White Knight Chronicles: Origins PSP Review

July 14, 2011 by  
Filed under Features, PSP, Reviews

Publisher – Sony Computer Entertainment Europe – Developer – Matrix Corps – Genre – Action RPG – Players – 1-4 – Age Rating – 12+ – Other console/handheld formats – N/A

It’s funny how a lot of game series’ never seem to start at the, well, start. But, when you fall in love with the universe of a series, you’ll want to return to it time and time again, and prequels just love to expand on the back story – schooling you on events from the past and making the universe feel larger because of it.

White Knight Chronicles: Origins, as the title suggests, pulls you back 10,000 years into the past. The games takes place in a period known as the Dogma Wars, in which the Yshrenian Empire are harnessing the power of the Knights in an attempt to make the world their own, and the Athwani Mage Kingdom are forced to stand-up and fight. But story is in no way a focal point, and narrative development only appears at certain points at the start and end of chapters.

You fight this big guy at the start. If you're a White Knight Chronicles fan, then you'll know who exactly he is. For those that don't, meet the titular White Knight.

The hub of the game is that of a train. This is your base of operations, and it’s even possible to add new cars to said train to expand your capabilities – shops, barracks to expand your little army, equipment enhancing services (in which you use materials gathered from the field to increase your stats, with the potential for each piece of equipment to be enhanced up to 10 times) , and more are just some of the perks you’ll receive from doing this. In order to add new cars, you’ll have to purchase them, and if you’re picky and you dislike the arrangement, it’s even possible to switch them around.

It’s from the train that you’re able to get out into the field and do some fighting, and soon enough, if you’ve played Monster Hunter beforehand, you’ll be making comparisons with that game. To enter quests, you do so from the control car and can participate in either field quests (there’s a total of 10 of these in each chapter) or corps quests, with up to three others online, if you so wish. The Corps Quests allow you to build your relationship up with individual party members, and each character has three of these to play through. Completing these quests will give you the opportunity to learn skills from these grateful members, which is a fair trade, if you ask me.

Party members often appear at the end of quests, in which it is then up to you if you wish to recruit them or not. If your Corps is full up, it’s possible to show one of your other members his or her marching orders if you want to employ some fresh blood. It’s also possible to give items to any of your recruited members, and if they like these items, it’ll raise their affinity level with you. Also noteworthy is that overuse of characters can result in exhaustion, in which taking them out on a quest will lower their affinity, so it’s certainly wise to swap them around.

Back to the quests, and these have you doing everything from finding items, slaying monsters and visiting every single area. Speaking of areas, as this is a PSP game they’re cut up into smaller chunks, and in no way are you going to be visiting environments that are the size of the two PS3 games.
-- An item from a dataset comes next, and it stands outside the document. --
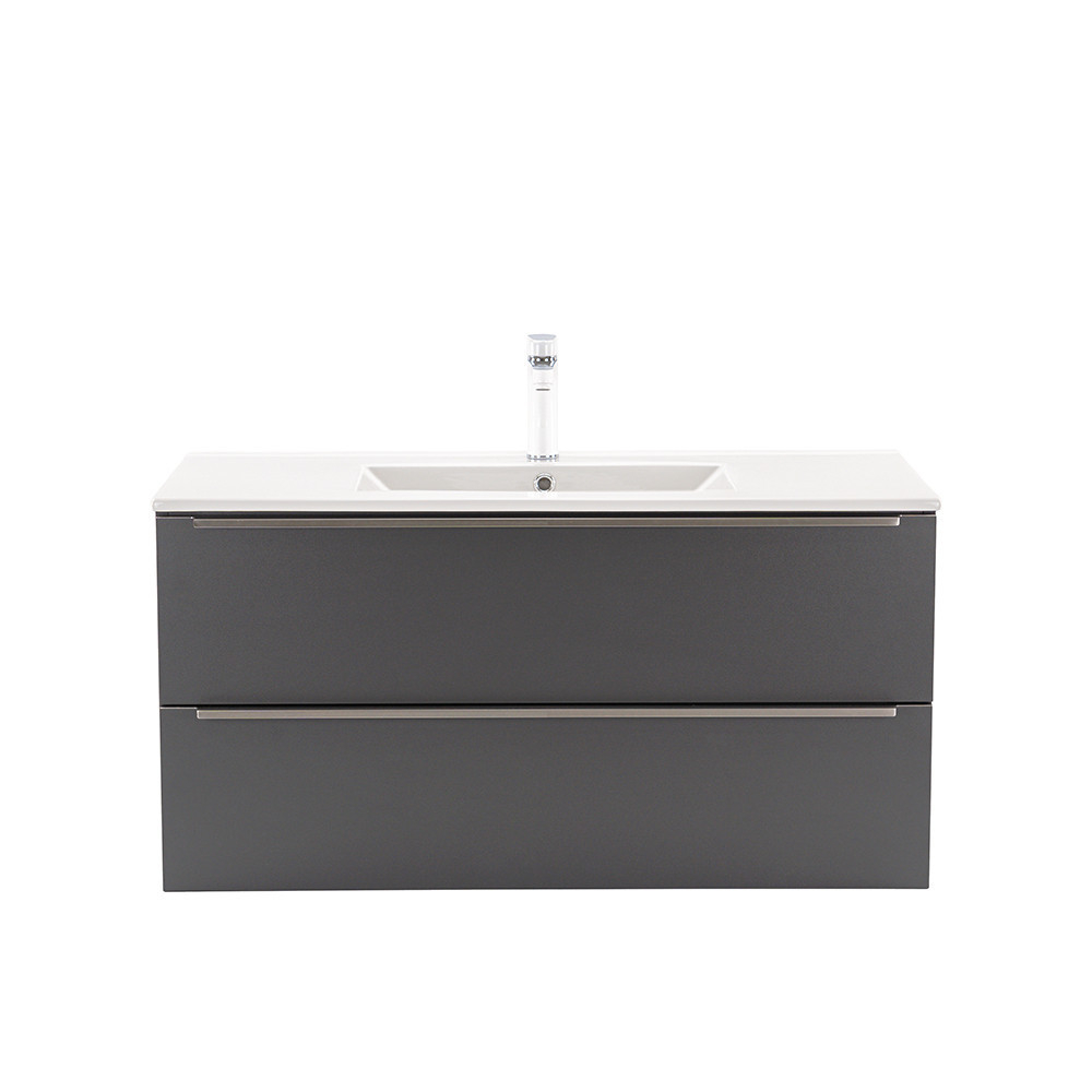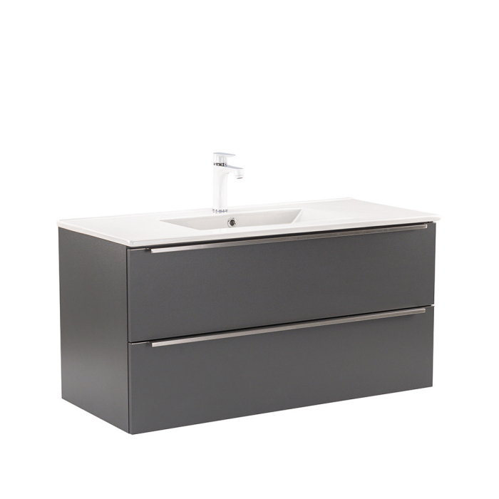 Mobilierul complet de baie Vario Trim 100 este o alegere elegantă și practică pentru o baie modernă. Dimensiunile sale compacte sunt ideale pentru băi mici și medii, iar profilul metalic al mânerului conferă un efect de patină, în timp ce designul antracit-antracit conferă spațiului un aspect elegant. Sertarul cu închidere silențioasă și designul suspendat oferă confort și curățare ușoară, în timp ce materialele de calitate asigură o durată lungă de viață.

These constraints do mean that the game feels very suitable for portable play, although sadly, on the other hand, it does mean that you’ll be looking at loading screens for a lot of the time.

The environments are randomly generated, although they’re not terribly interesting to explore – they’re largely empty and characterless places. Each area does have plenty of monsters to strike down and items to find, but they’re just overly boring in appearance and some areas look the same as the last.

The graphics are adequate enough, but nothing more.

Right, the combat. You are able to attach skills to your weapons, in which you can bring into play during battle – scrolling between your options with the d-pad. It’s only possible to use certain skills when you have a specific number of Action Chips (you receive these through attacking enemies), so obviously better skills require more of these. You have your basic attack alongside more powerful extras, and you and your party are able to transform into Optimus’ (which seem to remind everyone of Power Rangers, and I can understand why) once a meter reaches its peak, although only when the entire party is standing. The Optimus’ not only look more heroic, but they’re also more powerful and resourceful in battle and can even team up with a special attack. Battles are faster than the PS3 games, but like those very games, they’re nothing exceptional.

White Knight Chronicles: Origins isn’t bad at all – if you’re looking for something similar to Monster Hunter without Monster and Hunter featured in the title, then this game may just fit the criteria. However, it doesn’t match up to the quality of Capcom’s series and has a number of flaws that hold it back from being something truly special.